The code in this repository does the last step in the complete pipeline, which is haplotypes consolidation. You can find the complete pipeline description in the wiki section.

Haplotypes consolidation - Merging replicates data for each sample

Per each sample, all its replicates are considered. Shared haplotypes between each possible pair of replicates is obtained after excluding singletons. In general, for samples with more than 2 replicates, the pair with the best correlation between the frequencies of their shared haplotypes are chosen as representatives of each sample. Using the same idea, samples in which the pair of replicates are poorly correlated were flagged since they could lead to inaccurate final frequencies of the shared haplotypes.

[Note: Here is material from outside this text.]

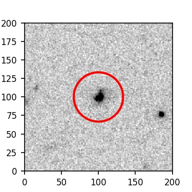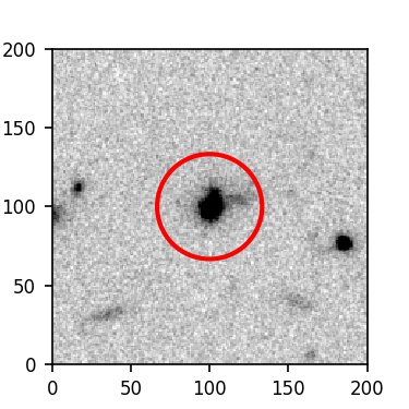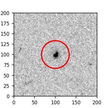 The red circle in the various panels is 1" in radius. The images are 6"x6".
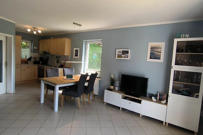 Im Erdgeschoss gibt es einen schönen Wohnbereich mit einer voll ausgestatten offenen Küche, sowei ein Gäste-WC.

Once the best pair of replicas is chosen, the final relative frequency of each haplotype is the weighted mean of their frequencies, using the read number per replicate as weight. Haplotypes with a frequency over the selected threshold, 0.436% (look haplotypes cut-off page) are kept and those below the threshold or non shared are collapsed to their closest shared haplotype that satisfies the frequency threshold. Finally, shared haplotypes are tested for chimeric origin. An haplotype is considered a chimera if it is the product of local partial alignments to other two haplotypes present in the same sample at higher frequencies.

Check process_qlusters_master.R code for this step.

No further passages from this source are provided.